Mutual suspicion is almost unfathomably deep. Less than a lifetime having passed since their grandparents were driven from their homes, virtually no Palestinians believe in Israel’s right to exist as a Jewish nation. Why should they? Yet relatively few supported Hamas before Oct. 7 and the counterinsurgency. Because of Israel’s war in Gaza, far more do so today. Meanwhile polls also show that many if not most Israelis lump Hamas and Palestinians together. They mustn’t. Hamas is Gaza’s enemy. Just ask the Gazans. Since 2007, Hamas has spent billions of Iran’s money digging in, wrapping its tentacles around civilian populations and institutions. Like guerrillas everywhere, it uses noncombatants as shields. It is a nihilistic movement willing to sacrifice innocent Israelis and Palestinians alike to achieve its aim of destroying Israel.

Israel says that as many as 13,000 of the over 30,000 people its operations have killed were Hamas fighters. A roughly equal number are said to await in Rafah, hiding underground. Calling for a unilateral Israeli ceasefire without insisting on Hamas stopping its aggression and releasing its hostages is understandable but impractical. No expert thinks peace is possible with Hamas in power. One could imagine a situation in which most in the world would regretfully acknowledge that Israel should complete the job as long as it was as careful as possible toward civilians.

But because of its unrelenting harshness toward Palestinians, Israel is on the verge of losing the benefit of the doubt. Some experts say its initial assault was unnecessarily brutal. It hasn’t done nearly enough to get food into famine-stalked Gaza. Israel won’t let residents return north, reoccupy neighborhoods where Hamas is gone, and begin to rebuild.
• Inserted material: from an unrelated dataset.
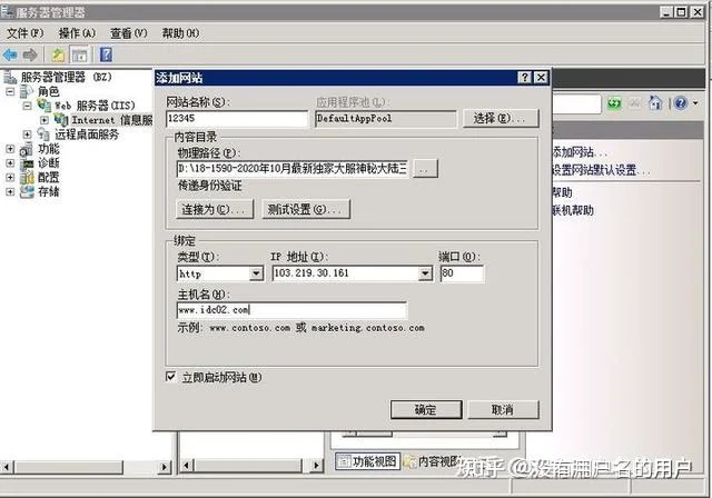 我们怎么搭建这个网站呢,网站名称,这个可以随便填写,没有任何要求应用程序池,点击选择,默认确定物理路径这块,点击图中的两个小点点,里面就是路径选择,我们的版本在那个磁盘里,我们就通过路径找到版本里的网站文件夹类型不变,IP地址填写你的服务器ip,圈起来划重点,最后说一次,没有域名怎么办!主机名,有域名就填,没域名就不用填有一些玩家还是不知道域名是干嘛来的,很多道听途说没用没用或者怎么样,如果你是商业开服,域名是肯定要的,很多老GM都是准备两个域名,至于为什么,之前的文章也详细说明很多次,服务器端口一般都是默认全开特释:80,8080,443这三个端口端口只对备案域名开放如果你没有域名我们可以用ip加端口搭建:如 103.219.30.x:88 ,并不是所有服务器都可以用ip加端口搭建,为什么会有的服务器不支持用ip搭建呢,不同地区的服务器,他们的配置不同,网络环境,网络优化,网络质量,稳定性都不同,有的机房他们的监管力度,管控也很严,也会有防火墙限制,等一些原因会导致你不可以用ip加端口网站搭建好了,我们就开始架设版本1.就是找到D盘的版本 Mirserver,启动网关游戏服务器(版本没问题启动起来的官网是六个以上)2.打开登录器文件夹,配置登录器

Looking to postwar times, Netanyahu has abandoned the two-state solution, the only way to give Palestinians the same right of self-determination on which Israel insists. Some officials in his government want all Palestinians driven out of the occupied territories, raising suspicions that its tactics are designed to help bring this outcome about as well as hunt Hamas.

An Israeli government devoted to the best of its founding principles would insist on victory against Hamas while inviting the Palestinian people to join in a postwar season of hope, reconciliation, and state-building. But we hear nothing of the sort from Netanyahu. His people are naturally wounded by the horror of Oct. 7. A decent leader would call them to look beyond the catastrophe to the possibility of mutually assured security for all rather than another generation of hatred. All people need the hope of peace. Israel’s regime promises war upon war according to the inhumane proposition that Palestinians can never be trusted.

We may hope that Israel gets a better government after the war. In the meantime, U.S. taxpayers who aren’t pacifists opposing all military aid (and this Good Friday, God bless the pacifists and peacemakers) are entitled to ask why our government has stopped supporting freedom fighters in Ukraine while continuing to pay the bills for Netanyahu’s bloody campaign to save his job at all costs. My Good Friday prayer is that in its upcoming talks with the IDF, the U.S. will finally rattle the cash box loud enough to persuade Israel to scale back its Rafah assault and ramp up food shipments so that every Gazan has enough to eat. We can do that much, at least, in the name of Christ.